On 12 Aug we started getting an email every day saying

Hello! Your “shields-io-production” application hosted on Fly.io crashed because it ran out of memory. Adding more RAM to your application might help!

The email seems to arrive somewhere in the window midnight - 2am UTC

I have a few questions about this:

  1. What has changed? Did our application suddenly start throwing memory errors on 12 Aug, or did Fly start sending out a notification email about it on 12 Aug (implying we might have actually been throwing them every day for some time before this).
  2. I would expect that the thing that would run out of memory would be one microVM, rather than the application as a whole, but the email we get says the application crashed because it ran out of memory. What actually ran out of memory? Was it one (or more) microVMs or did the application as a whole exceed some composite limit?
  3. My first thought was that these emails were telling me that a particular event was happening every night causing a single out-of-memory error so I tried to isolate the event corresponding with the email timestamps. Running flyctl vm status <instance-id> for a bunch of our VMs shows that actually there is not just one OOM error happening. I’m seeing several with completely different timestamps from the email e.g:
    • 2022-08-16T13:02:58Z Terminated OOM Killed
    • 2022-08-16T07:52:41Z Terminated OOM Killed
    • 2022-08-16T09:56:57Z Terminated OOM Killed
      I now wonder if what this email is actually trying to tell me is something more like “one or more VMs caused an OOM error in the last 24 hours” rather than “an OOM error happened at this specific time”. Could someone clarify that?

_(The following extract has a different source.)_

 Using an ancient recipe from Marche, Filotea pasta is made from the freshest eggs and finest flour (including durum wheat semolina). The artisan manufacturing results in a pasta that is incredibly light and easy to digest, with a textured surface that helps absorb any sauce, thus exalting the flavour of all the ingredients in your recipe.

I suspect some of this might just be feedback on how to make the email notifications a bit clearer.

Thanks

Happy to help provide some additional context here-- thank you for asking!

What has changed? Did our application suddenly start throwing memory errors on 12 Aug, or did Fly start sending out a notification email about it on 12 Aug (implying we might have actually been throwing them every day for some time before this).

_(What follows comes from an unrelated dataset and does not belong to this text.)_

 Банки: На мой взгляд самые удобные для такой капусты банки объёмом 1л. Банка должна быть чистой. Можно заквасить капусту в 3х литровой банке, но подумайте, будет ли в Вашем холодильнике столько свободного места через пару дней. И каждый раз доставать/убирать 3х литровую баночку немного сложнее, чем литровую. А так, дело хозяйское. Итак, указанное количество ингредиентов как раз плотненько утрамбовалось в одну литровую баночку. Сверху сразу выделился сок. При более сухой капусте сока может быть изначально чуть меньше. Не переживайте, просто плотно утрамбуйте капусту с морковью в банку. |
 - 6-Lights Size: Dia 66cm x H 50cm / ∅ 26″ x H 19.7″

We did start sending these emails out recently. It’s quite possible that your app was running into intermittent memory issues previously. When apps crash (for instance, OOMing), our orchestration layer will restart your application.

I would expect that the thing that would run out of memory would be one microVM, rather than the application as a whole, but the email we get says the application crashed because it ran out of memory. What actually ran out of memory? Was it one (or more) microVMs or did the application as a whole exceed some composite limit?

These emails can be triggered in the case that there is a single app instance that OOMs. You can further inspect your application with tools like fly status --all and fly logs -i. The former will display all of your app’s instances from the past 7 days and the latter can likewise retrieve per-instance logs within that timeframe.

I now wonder if what this email is actually trying to tell me is something more like “one or more VMs caused an OOM error in the last 24 hours” rather than “an OOM error happened at this specific time”. Could someone clarify that?

Yup! Since certain types of memory errors can be triggered quite frequently, we’ve configured things so that you’ll only get one of these per-app, per day. That way, you can know to check things out without being inundated with email alerts :sweat_smile:

1 Like

Thanks for the clarifications - that all makes sense :+1:

1 Like

Hi,

We’re seeing a few of these, but we’ve provisioned more RAM and still getting the emails, the charts look fine.

on the app: concordia-production-web